By Thomson Reuters Feb 23, 2026 | 1:16 PM

By Ryan Patrick Jones

Feb 23 (Reuters) – Canada has summoned top officials from OpenAI for a meeting about the company’s safety protocols, an official said on Monday, after the ChatGPT maker said it did not reach ​out to police about an account it banned last year belonging ‌to mass shooter Jesse Van Rootselaar.

Van Rootselaar, 18, killed eight people in a small British Columbia town on February 10 and then took her own life. OpenAI said it banned her account last year on the chatbot ChatGPT for policy violations which it said did not meet ‌internal ​criteria for reporting to law enforcement.

Senior members of OpenAI’s ⁠safety team will travel from ⁠the United States to Ottawa for a meeting on Tuesday, Artificial Intelligence Minister Evan Solomon told reporters, “to have an explanation of their safety protocols, and when they escalate, and their threshold of escalation to police.”

The case has intensified ​scrutiny of what obligations tech companies have to report threatening user activity to law enforcement

Van Rootselaar, who police say was born a male but identified ⁠as a woman and began transitioning six years ⁠ago, had a series of previous mental-health-related interactions with police. ​The killings took place in Tumbler Ridge, British Columbia, a town of around 2,400 ​in the Canadian Rockies.

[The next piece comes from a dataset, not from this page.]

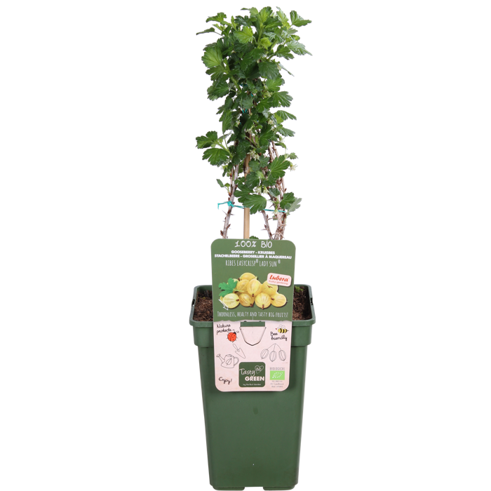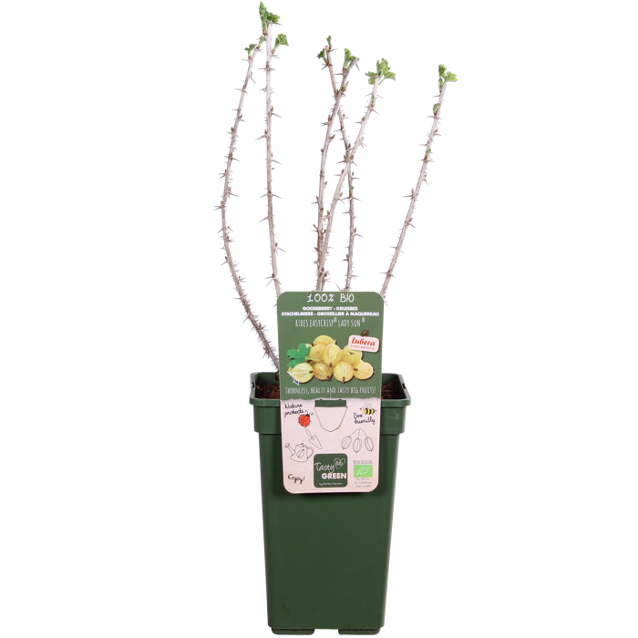 ‘Ribes Easycrisp Lady Sun’ is een gele kruisbes of ook wel stekelbes genoemd. De struik wordt wordt zo’n 75 cm hoog. Het voordeel van deze struik is dat hij minder grote stekels aan de takken heeft zitten in vergelijking tot andere kruisbes soorten. Het is hierdoor makkelijker om de vruchten te plukken. De bladeren zijn aan de onderkant zacht behaard. De kruisbes bloeit in april met onopvallende groenachtige bloemen die voor bijen en hommels aantrekkelijk zijn. De vruchten zijn middelmatig groot, rond en geel van kleur en te plukken rond juli en augustus. De bessen zijn heerlijk sappig en hebben een zoete smaak. Ze worden gevormd in trosjes en zijn direct eetbaar. De struik is bestand tegen vorst waardoor hij zeker de winter zal overleven. In de winter verliest hij zijn blad en dan is het ook de juiste tijd om de struik te snoeien. Hij staat het liefst op een open, zonnige en niet te vochtige grond. Kruisbessen hebben steun nodig bij het groeien. Het is daarom aan te raden de stengels langs een klimrek of gaas te binden.

OpenAI said in a previous statement it banned ‌Van Rootselaar’s account in June 2025 after it was flagged by systems that identify “misuses of our models in furtherance of violent activities.” The company considered referring the account to police, but determined it didn’t meet the threshold of posing an imminent ⁠and credible risk of serious physical harm to others, it said.

Solomon said “all options are on the table” when asked what Ottawa might do to protect Canadians from online harm, ⁠citing a forthcoming bill ‌on online privacy and data. He did not give ⁠details.

“Canadians expect, first of all, that children, particularly, are kept ​safe and ‌that these organizations act in a responsible manner,” Solomon ​said.

OpenAI didn’t immediately ⁠respond to a request for comment.

The company said it contacted the Royal Canadian Mounted Police (RCMP) after the shooting to provide information about Van Rootselaar’s use of ChatGPT.

RCMP Staff Sergeant Kris Clark confirmed OpenAI reached out to the police force after the shooting, but didn’t provide additional details.